Note that in the example of multiplicative seasonality the season is becoming “wider”. Obviously if the level was decreasing the seasonal amplitude of the multiplicative case would decrease as well. For selecting the appropriate model to produce our forecasts we need to know the type of seasonality we are dealing with. How do you compare against statistical identification? **Select additive or multiplicative in the demonstration below and submit your choice to see if you can do better than statistics and the average accuracy of participants so far**.

Hi Nikolaos,

Thanks for this interactive tool !

I can’t find any information about this “KS test”.

What does it stand for?

Thanks

That is an unpublished test that I have been working on with a colleague of mine, Carlos Diaz. Sometimes it takes quite a bit of time to get an academic publication!

You can find a prototype of it in TStools for R. The function is called

`mseastest< \code>.`

How did you obtain the plot comparison (additive vs multiplicative) graphs in R that are shown above?

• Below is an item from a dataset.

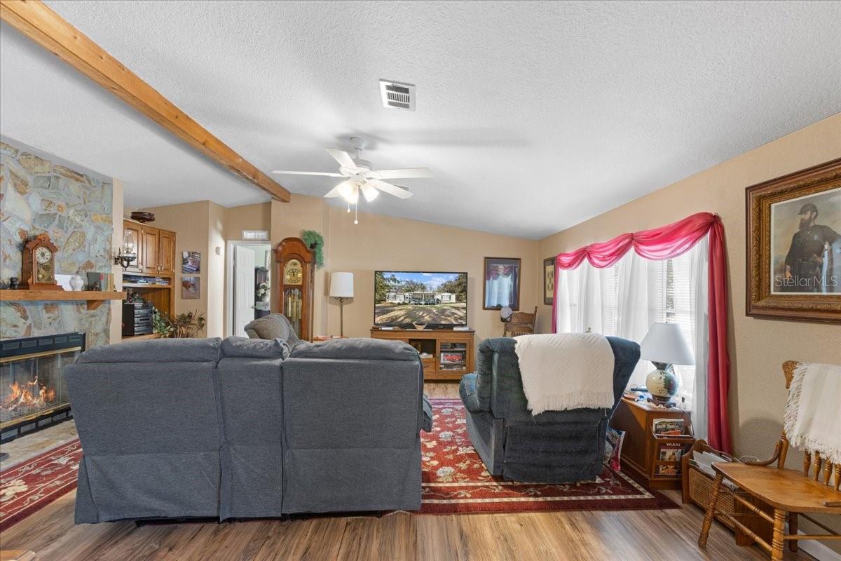Welcome to your new little slice of heaven located in gorgeous Dixie County , just around the corner from the Suwannee River. This home is immaculate , has been updated and maintained to the highest standard. An oversized 2000 DWMH 3 bedrooms/ 2 bathrooms with a bright open floor plan. Property has a nice private driveway leading you to the oversized 2 carport large enough for 4 cars, boat, ATV , bikes etc. Front entrance offers a peaceful covered porch gazing out to the peaceful yard. Entering the home you'll see the bright open floor plan with majority new laminate wood flooring, a wood burning fireplace and a great view to the dining room and kitchen. Kitchen is nice and open with loads on cabinetry and a great breakfast nook area. Each guest bedroom in immaculate condition as well as as bathroom, with all update plumbing , faucets and fixtures throughout the whole home. Master bathroom is over sized with a spacious master bathroom with stand up shower and dual vanities. Exiting the home out the back door you have a laundry /mud room and a covered porch leading you to the massive carport. The yard is like a state park, gorgeous oak trees speckled throughout , offering multiple spigots over the total 2.34 acres , a chicken coop/feed room, storage/workshop with window unit additional utility building and pump house. Amazing fiber internet offered for ease of all wifi items. AC, hot water heater and roof all new within 5-6 years. Immaculate vinyl siding all brand new skirting as well as new lending rule of permanent backing. A short drive to town for shopping and dining. Call today for YOUR tour!

It has been a while since I built this plot, so I do not have code any readily, but I think what I did is construct the series, fit a centred moving average through them (red line) and then add or multiply a factor to it to get the dotted blue lines for the two types of seasonality. Hope this helps!

Thanks.

But I still have some confusions:

1. What does level stands for here and why are we using level here?

2. I see that data points are closer to each other within a year( time frame) in additive case whereas data points are far from each other within a year in multiplicative case. Is this additive/multiplicative seasonality refers to?

1. As level, in these cases, I am using a local level estimate as defined in exponential smoothing state space models. In many cases, you get a similar view by using a centred moving average.

2. The general definition of additive or multiplicative seasonality is: level + seasonal indices, or level x seasonal indices. Effectively, with multiplicative seasonality the width of the seasonal pattern is proportional to the level. For additive seasonality it is independent.

Excellent demonstration. I finally understand. Many thanks!